Why has downtown Portland’s volume of campers surpassed that of all other campsites in the US? The answer is clear: if you’re looking for a campsite with abundant potable water, one can choose from countless national parks, from Yosemite to the Ozarks to Bryce National Canyon. But if you’re seeking an abundance of weed dispensaries or needle exchanges or the right to defecate publicly, you have essentially one choice: downtown Portland. There are countless national parks dotting the North American landscape which offer visitors the convenience of onsite firewood, but where else but Portland can you roast s’mores over the fires emanating nightly from the Mark O. Hatfield Federal Courthouse?

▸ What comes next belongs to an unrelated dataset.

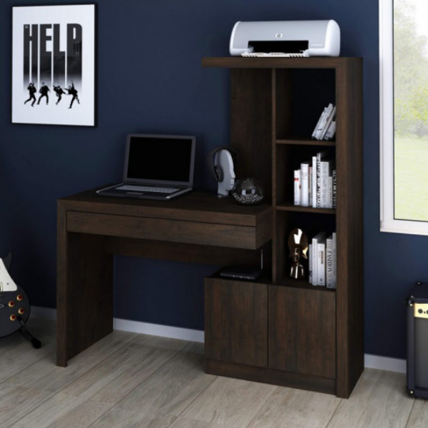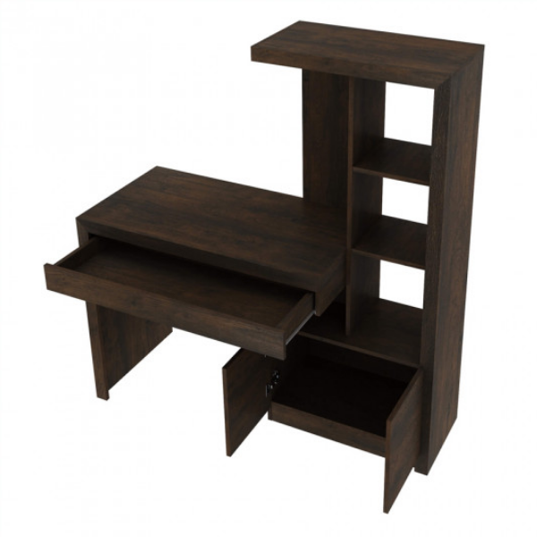 Escritorio con Biblioteca – 4143 – Rustico Ideal para hogar, muy funcional para espacios reducidos Cajón largo con mucha capacidad con rieles metálicos Repisa lateral con 2 estantes 2 puertas con espacio de guardado Confeccionado en placa de MDP de 15 mm Terminación estructura moldurada Medidas: Alto 138 cm Largo 123 cm Prof. 47 cm

Oregon’s largest city prides itself on standing apart from other campsites. While lawn darts might be a suitable pastime at Shenandoah National Park, visitors to Rose City are more likely to be seen passing the time by tossing Molotov cocktails at the city’s increasingly small police force. What’s more, downtown Portland has a distinct “urban feel” noticeably lacking in Glacier National Park. Some call it Portland’s “X-factor” — and not just because of the strip clubs. Campers looking for park rangers to enforce local ordinances against littering, public intoxication, and open drug use are well advised to avoid Portland.
The Portland camping experience owes its exciting “anything goes” atmosphere to the city’s long tradition of evenly-divided government, featuring radical progressives on one side and Antifa goons on the other. While both sides differ on how best to go about destroying America’s social fabric, both agree that the city’s problems are due mainly to the racism of the overwhelmingly white constituents who put them in office.